Beamformer 230 may comprise time invariant beamformer 232 and adaptive beamformer 236 for generating combined directionally-adaptive sound signal 210. Time invariant beamformer 232 is configured to apply a series of predetermined weighting coefficients 234 to each digital sound signal 208, each predetermined weighting coefficient 234 being calculated based at least in part on an isotropic ambient noise distribution within a predefined sound reception zone of microphone array 202.
In some embodiments, time invariant beamformer 232 may be configured to perform a linear combination of each digital sound signal 208. Each digital sound signal 208 may be weighted by one or more predetermined weighting coefficients 234, which may be stored in a look-up table. Predetermined weighting coefficients 234 may be computed in advance for a predefined sound reception zone of microphone array 202. For example, predetermined weighting coefficients 234 may be calculated at 10-degree intervals in a sound reception zone extending 50 degrees on either side of a centerline of microphone array 202.

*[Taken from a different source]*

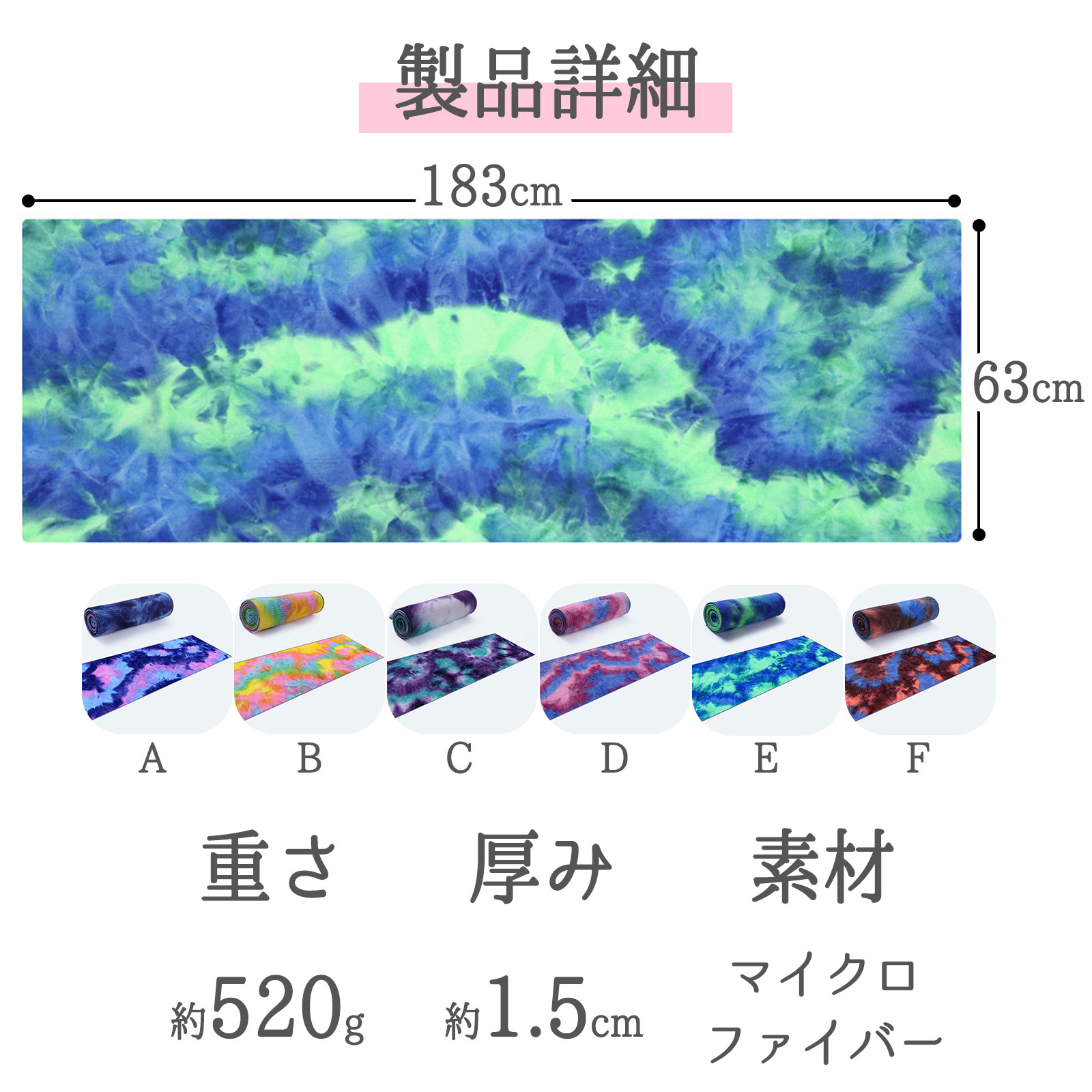 大判サイズ(183×63cm)でヨガマットをしっかり覆い、清潔に使用できます。

Time invariant beamformer 232 may cooperate with adaptive beamformer 236. For example, the predetermined weighting coefficients 234 may assist with the operation of adaptive beamformer 236. In one scenario, time invariant beamformer 232 may provide a starting point for the operation of adaptive beamformer 236. In a second scenario, adaptive beamformer 236 may reference time invariant beamformer 232 at predetermined intervals. This has the potential benefit of reducing a number of computational cycles to converge on a position of speech source S. Adaptive beamformer 236 is configured to apply a sound source localizer 238 to determine a reception angle θ (see
In some embodiments, sound source localizer 238 may provide reception angles for multiple speech sources S. For example, a four-source sound source localizer may provide reception angles for up to four speech sources. For example, a game player who is speaking while moving within the game play space may be tracked by sound source localizer 238. In one scenario according to this example, images generated for display by the game console may be adjusted responsive to the tracked change in position of the player, such as having faces of characters displayed follow the movements of the player.
Beamformer 230 outputs directionally-adaptive sound signal 210 to the third phase of noise suppressor 217, in which the noise suppressor 217 is configured to apply one or more nonlinear noise suppression techniques to suppress a second ambient sound portion of combined directionally-adaptive sound signal 210 based at least in part on a directional characteristic of combined directionally-adaptive sound signal 210. One or more of a nonlinear acoustic echo suppressor (AES) 242, a nonlinear spatial filter (SF) 244, a stationary noise suppressor (SNS) 245, and an automatic gain controller (AGC) 246 may be used for performing the nonlinear noise suppression. It will be appreciated that various embodiments of audio input device 102 may apply the nonlinear noise suppression techniques in any suitable order.
Nonlinear acoustic echo suppressor 242 is configured to suppress a sound magnitude artifact of combined directionally-adaptive sound signal 210, wherein the nonlinear acoustic echo suppressor is applied by determining and applying an acoustic echo gain based at least in part on a direction of speech source S. In some embodiments, nonlinear acoustic echo suppressor 242 may be configured to remove a residual echo artifact from combined directionally-adaptive sound signal 210. Removal of the residual echo artifact may be accomplished by estimating a power transfer function between speakers 108 and microphones 205. For example, acoustic echo suppressor 242 may apply a time-dependent gain to different frequency bins associated with combined directionally-adaptive sound signal 210. In this example, a gain approaching zero may be applied to frequency bins having a greater amount of ambient sounds and/or speaker sounds, while a gain approaching unity may be applied to frequency bins having a lesser amount of ambient sounds and/or speaker sounds.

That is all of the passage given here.